◆ TASK GOAL ◆
Exact reproduction is required for the lines below starting at the line with "For a simple" and ending at the line with "Fjellpulken Classic med", both included. No other lines, and no pictures.

[SOURCE MATERIAL — start]

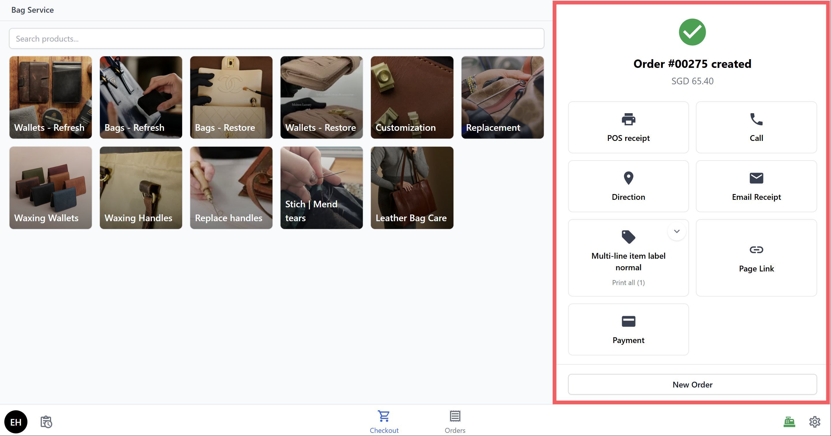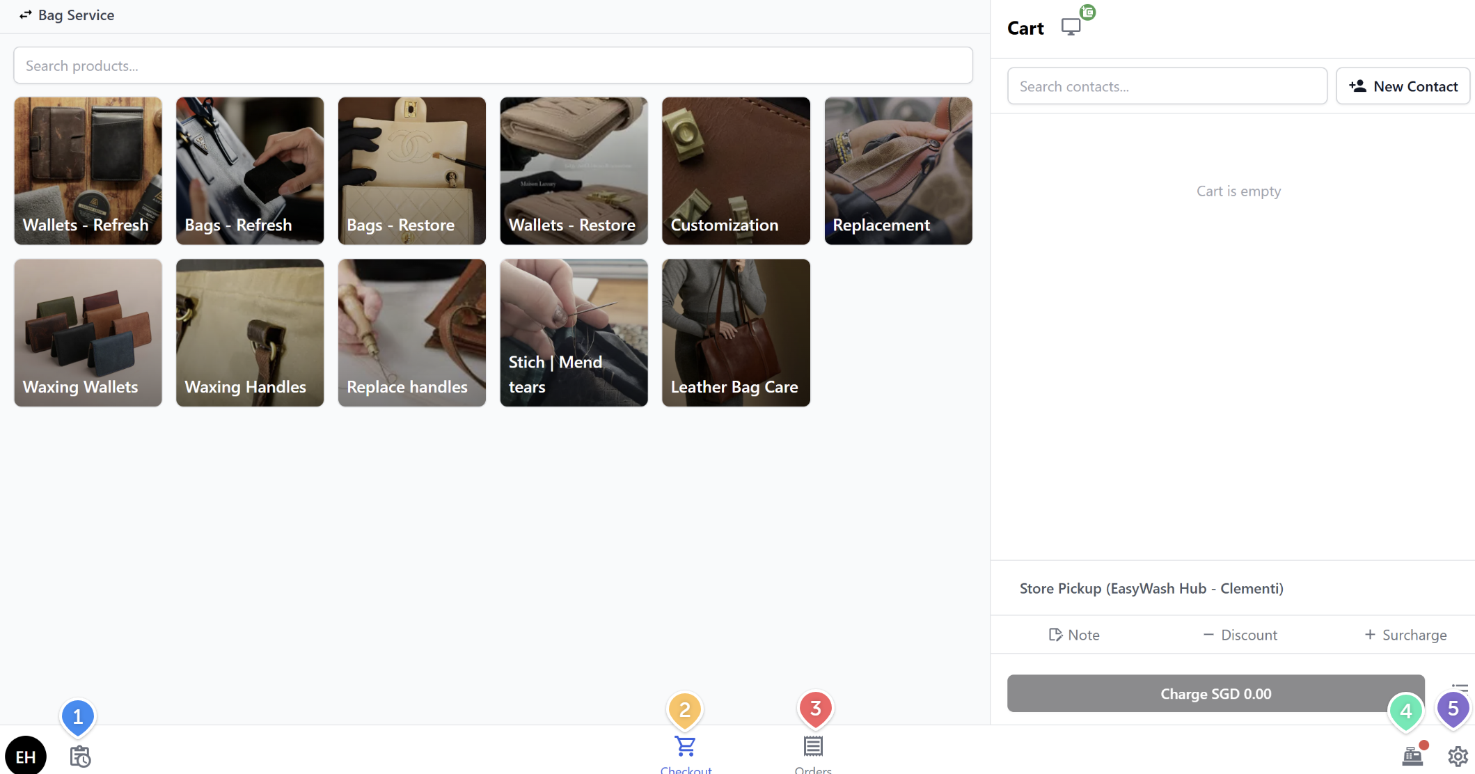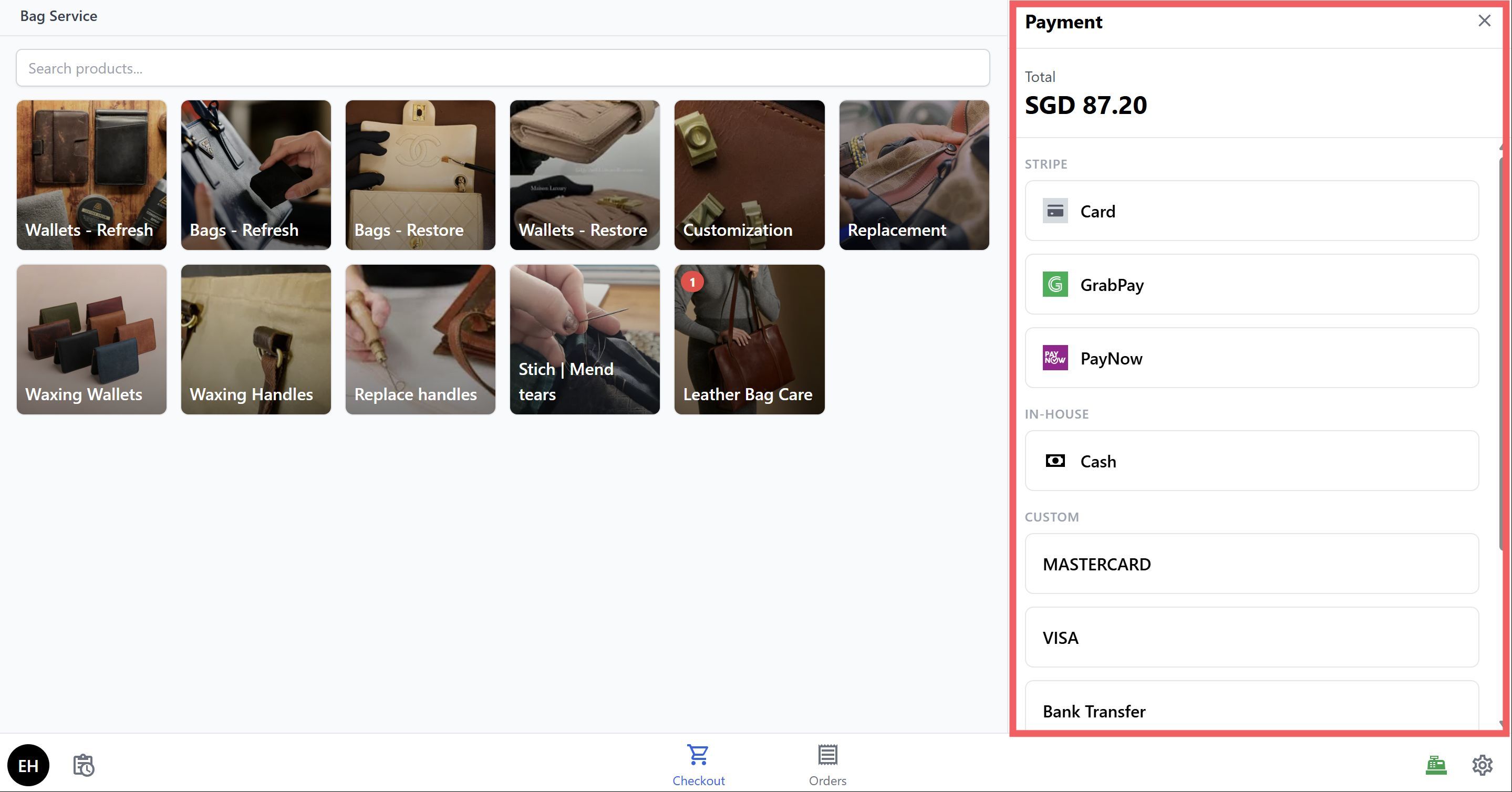 - Start taking orders — Open the Checkout screen, select a bag repair service, assign a customer, and collect payment.
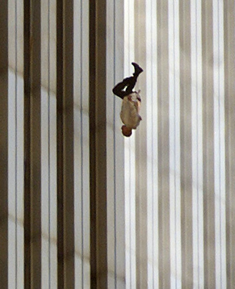 Iconic Associated Press photograph taken by Richard Drew on September 11, 2001, showing a man falling from the North Tower of the World Trade Center during the terrorist attacks. The image provoked widespread discussion about media ethics, anonymity, and the human toll of the attacks.
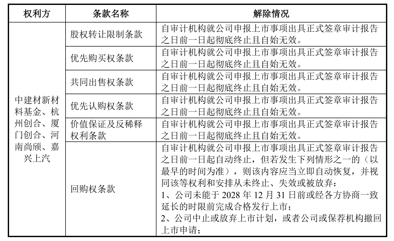 此外,尽管五星新材在招股书中表示已清理了对赌条款,但细读可发现,所谓的“清理”附带了强有力的“恢复条款”。
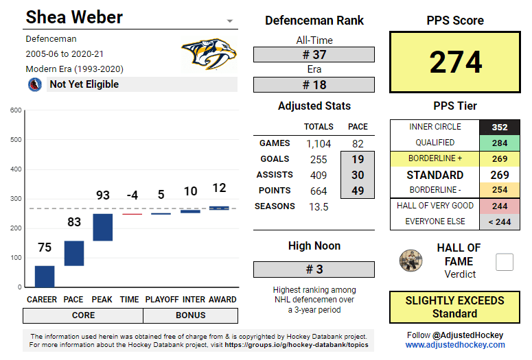 The Credentials: Weber scored more goals (224) than all other defenders throughout his career. He finished top 10 in Norris voting nine times straight, a remarkable achievement in sustained elite play. Weber was a key figure in each of his three best-on-best international events – all wins.
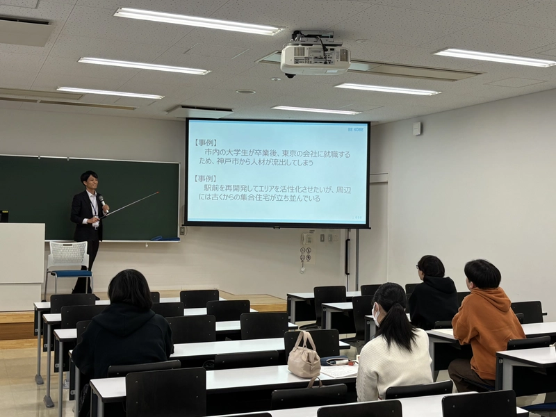前半では、神戸市が有する豊かな自然や歴史・文化・国際性、政令指定都市としての位置づけに関する説明から始まり、人口減少とそれに伴う都市のスポンジ化や空き家の増加などの神戸市が抱える課題について事例を交えながら解説しました。
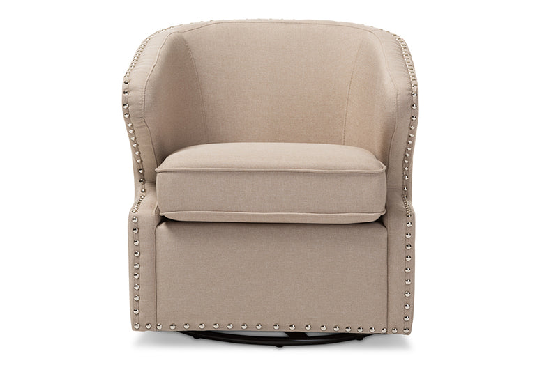 Baxton Studio Finley Mid-century Modern Beige Fabric Upholstered Swivel Armchair
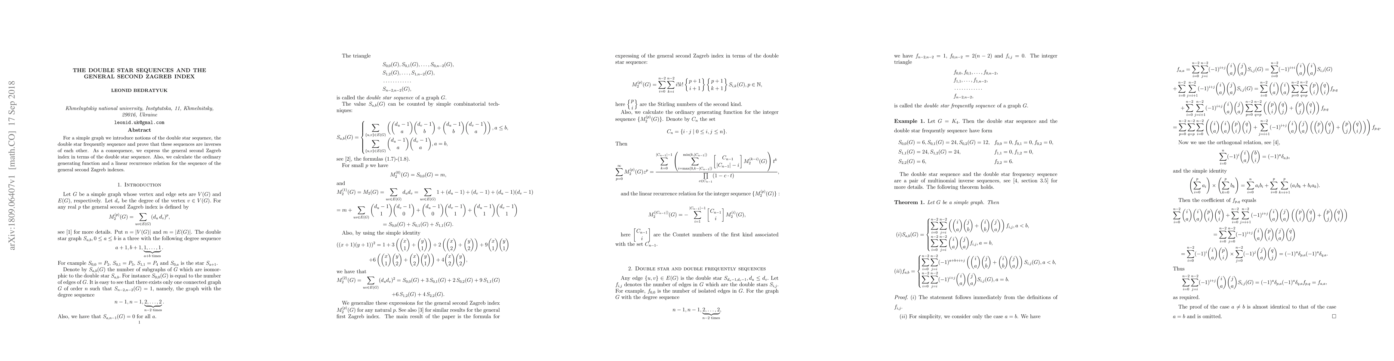 For a simple graph we introduce notions of the double star sequence, the double star frequently sequence and prove that these sequences are inverses of each other. As a consequence, we express the general second Zagreb index in terms of the double star sequence. Also, we calculate the ordinary generating function and a linear recurrence relation for the sequence of the general second Zagreb indexes.
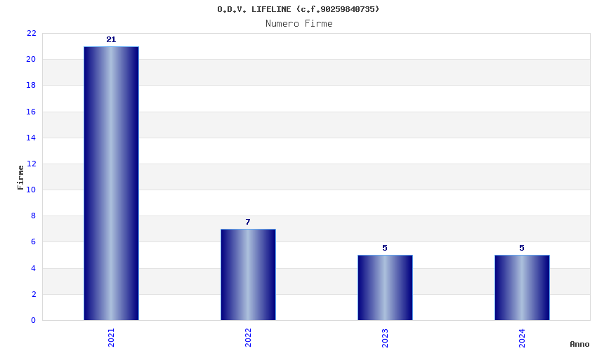 | Anno | Firme | Importi | Media | Naz. | Reg. | Prov. | Comu. |
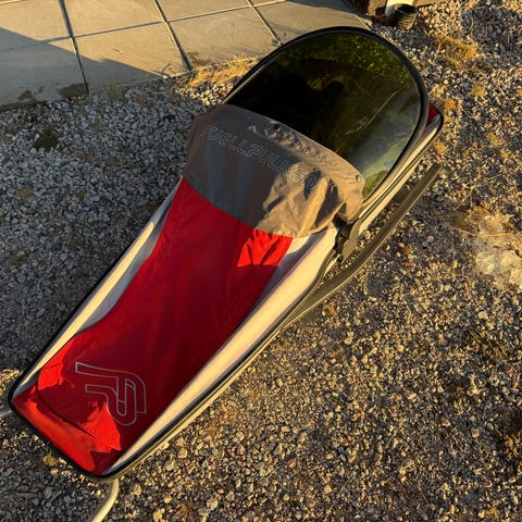 Fjellpulken Classic med inkludert drag, barnepose, fleecepose og beskyttelsetrekk.
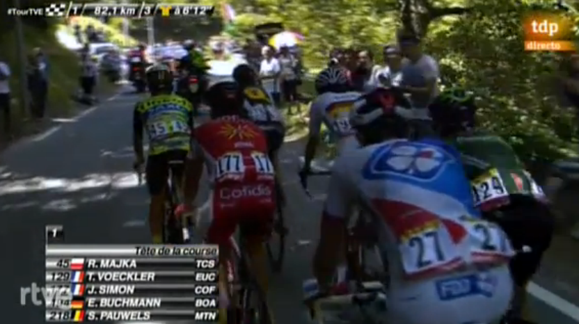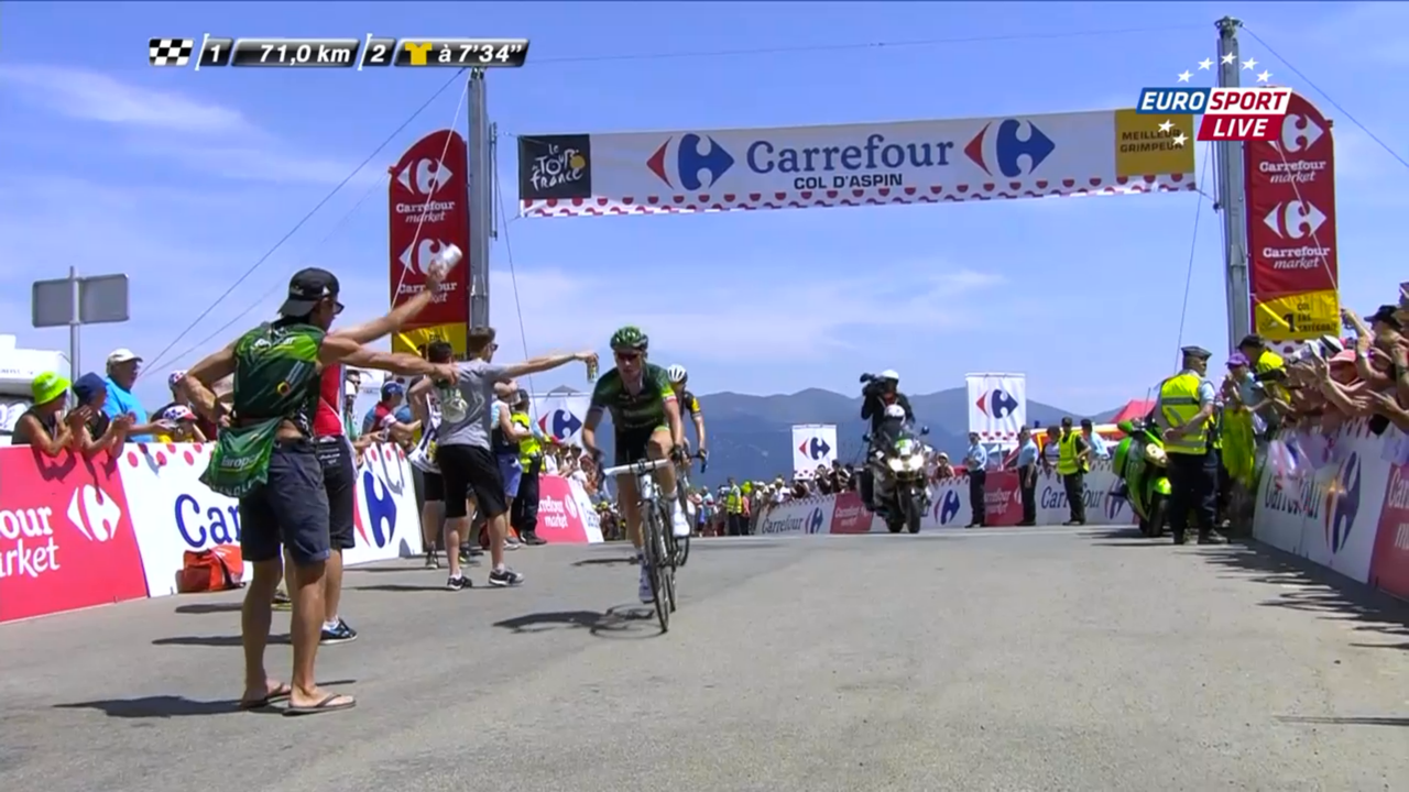 48. km’de, günün ilk tırmanış kapısından ilk sırada geçen isim thomas voeckler (europcar) oldu ve 2 puanı aldı. onu takip eden dan martin (cannondale-garmin) ise 1 puanı aldı.
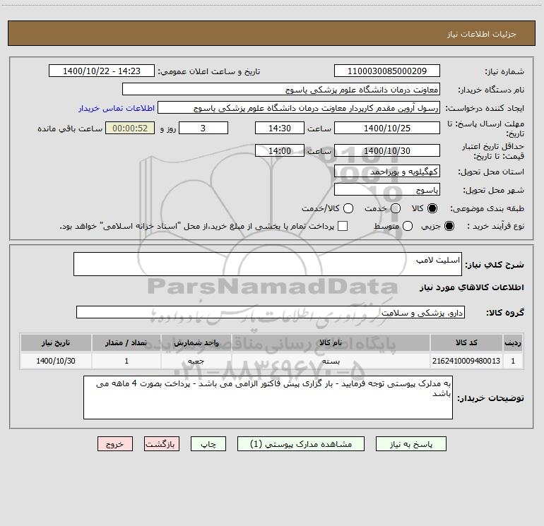 نام دستگاه خریدار:معاونت درمان دانشگاه علوم پزشکی یاسوج
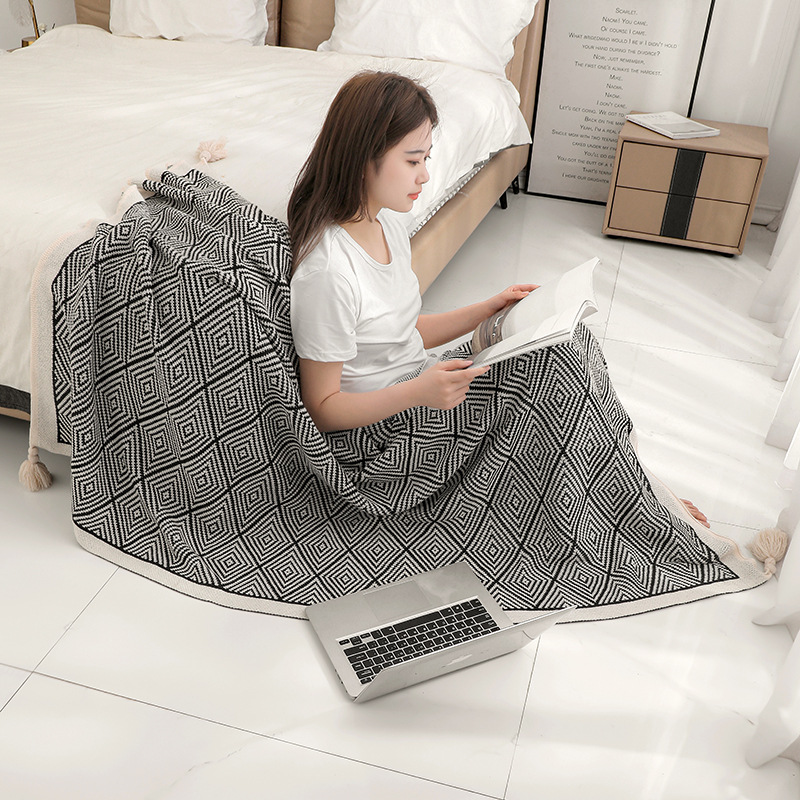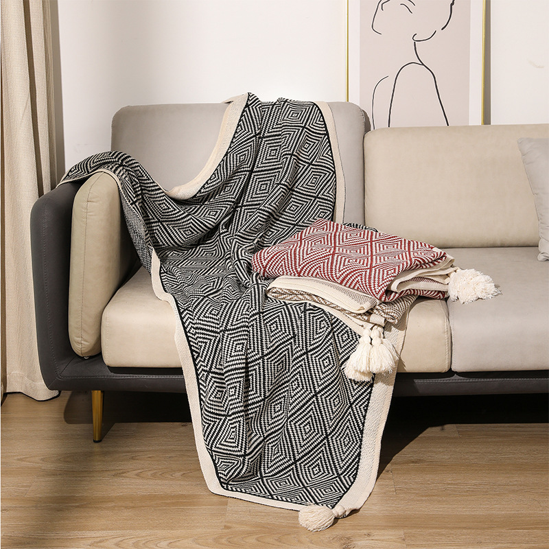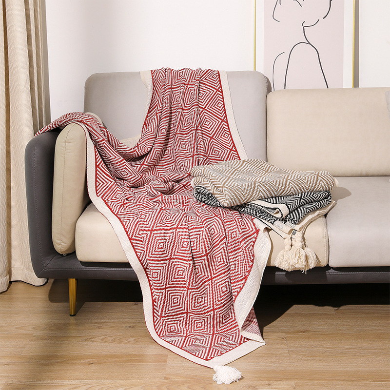 기하학적 니트 담요 소파 담요 싱글 낮잠 에어컨 담요 레트로 스타일 담요 숄 뜨개질 인스 스타일스토어 가기

[SOURCE MATERIAL — finish]

◆ TASK SOLUTION ◆
 For a simple graph we introduce notions of the double star sequence, the double star frequently sequence and prove that these sequences are inverses of each other. As a consequence, we express the general second Zagreb index in terms of the double star sequence. Also, we calculate the ordinary generating function and a linear recurrence relation for the sequence of the general second Zagreb indexes.
 | Anno | Firme | Importi | Media | Naz. | Reg. | Prov. | Comu. |
 Fjellpulken Classic med inkludert drag, barnepose, fleecepose og beskyttelsetrekk.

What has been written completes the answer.